NIGHTMARES and PTSD

Everyone has bad dreams. The word nightmare is commonly used to differentiate between a simple bad dream and something far worse. These are sometimes quite vivid and even unforgettable. If you forget your dreams, it’s okay. That’s normal. Normal for others is remembering every second of a dream. They’ll wake up and tell you a novel out loud.

It’s interesting stuff because we don’t know yet why we dream. How we dream. Why some remember and some rarely do. Nor do we know what dreams mean because sometimes, they come true to some degree. Consulting dream interpretation books is akin to reading a newspaper horoscope.

It used to be accepted that dreams came in REM stage of sleep, but now we know we dream in every stage of sleep including while we’re falling asleep.

This happened to me once while I was a teenager. I was nodding off, and saw a succession of faces most finely detailed. Some brought no trouble to my mind. One did. He had blonde hair and a sailor’s cap with the brim turned down like Gilligan wore. I snapped awake. The guy was as evil as the thing I’d seen in my room upstairs a decade earlier. As evil as my father was.

I never could forget that face. It was stamped in my mind.

Years went by. I drove a tractor trailer for B Green & Co. and was on the old back dock one day looking for the forklift driver, Jerry. I couldn’t hear his lift running so I walked into the warehouse and turned a corner, where I came face-to-face with the guy I’d seen so long ago, wearing the hat I had seen him wearing. He was chilling; my blood ran cold with the look of hatred he fixed on me. A song was playing on a nearby radio: “Walk, Don’t Run” by the ventures.

PTSD affects the brain in ways that show up as abnormal on MRI results. The greater and more prolonged the trauma, the more areas that show abnormalities there are.

I’ve found that science is far behind what those with PTSD often learn on their own: that they are more receptive to the paranormal but can seldom control it; that they have vivid and traumatizing nightmares; that their social skills are never going to develop properly; that relationships are often stormy because self-esteem is low and they “settle” for the first person who gives them a second look, even marrying them after a few months of mostly sex dates; that they are never at peace or comfortable except in places they’ve gotten used to and that those places aren’t always good, therefore there is no peace, and the comfort is like a habit, an addiction, a cacoon.

Nightmares are a symptom of the disorder that isn’t reported in every diagnosis, but which is quite prevalent nonetheless. I generally do not count “old hag attacks” which the term nightmare comes from. I’m talking about sick, disgusting, horrible shit that leaves one so shaken that it counts as a trauma all by itself. The entire day or two following such dreams see the sufferer depleted, depressed and dissociatively useless and morose.

No matter how long I’ve researched, I’ve never come across any way to mitigate such dreams. No medication. No herbal remedy. No amount of exercise, no matter what you do, it’s going to happen.

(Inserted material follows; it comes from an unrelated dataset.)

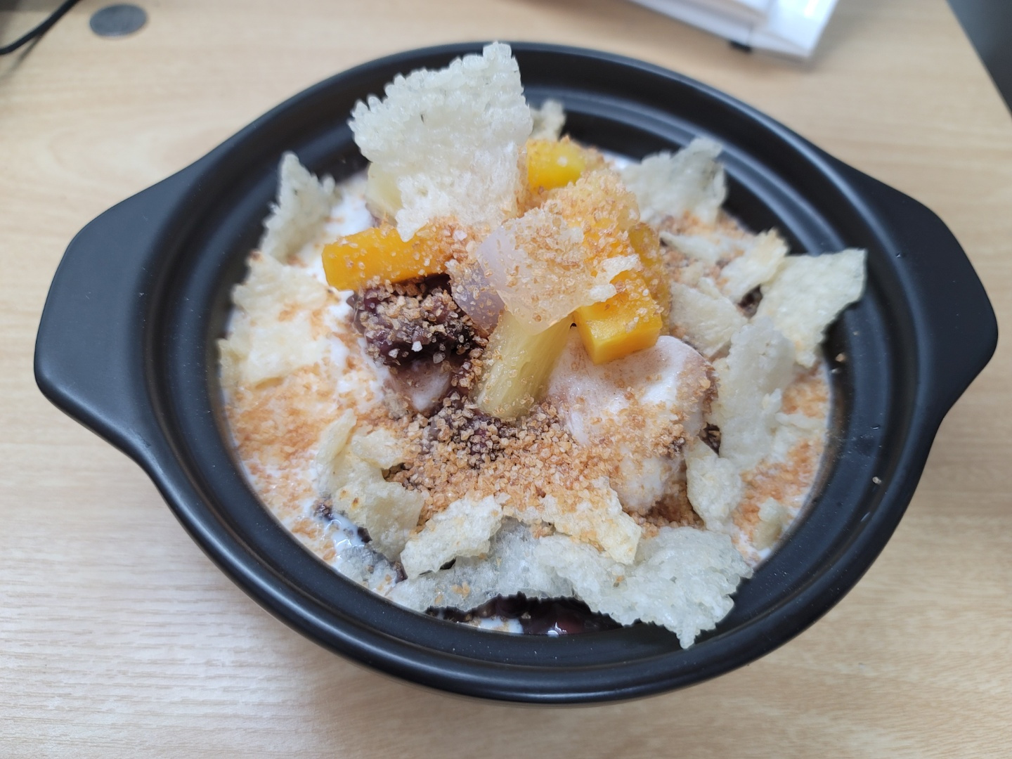 Anda dapat meningkatkan Bingsu Nurungji dasar Anda dengan topping favorit Anda untuk pengalaman yang lebih menyenangkan! Kami telah menambahkan pasta kacang merah manis (pat) dan buah-buahan koktail yang menyegarkan. Sebagai sentuhan dekoratif terakhir, letakkan beberapa potongan Nurungji yang lebih besar di atasnya. ‘Bingsu Nurungji Beras Chamdream’ Anda yang lezat kini siap dinikmati – hidangan penutup buatan sendiri yang istimewa menyaingi kafe mana pun!

I can’t even find any literature on the subject that I actually find believable.

Typical PTSD dreamers seem to have themes running through a particular dream. It is most often centered on whatever grieved or terrorized them, even if there were multiple traumas, as is the case with me. So of course I have many dreams caused by trauma that are very different. Sometimes only one element is present. Sometimes there are so many that I awaken sick and useless for a week, with migraine headaches, a need to eat unhealthy food or to smoke more than usual.

This Sunday morning as I slept I had one of the most tortuous dreams I can remember, relentless and truly terrifying.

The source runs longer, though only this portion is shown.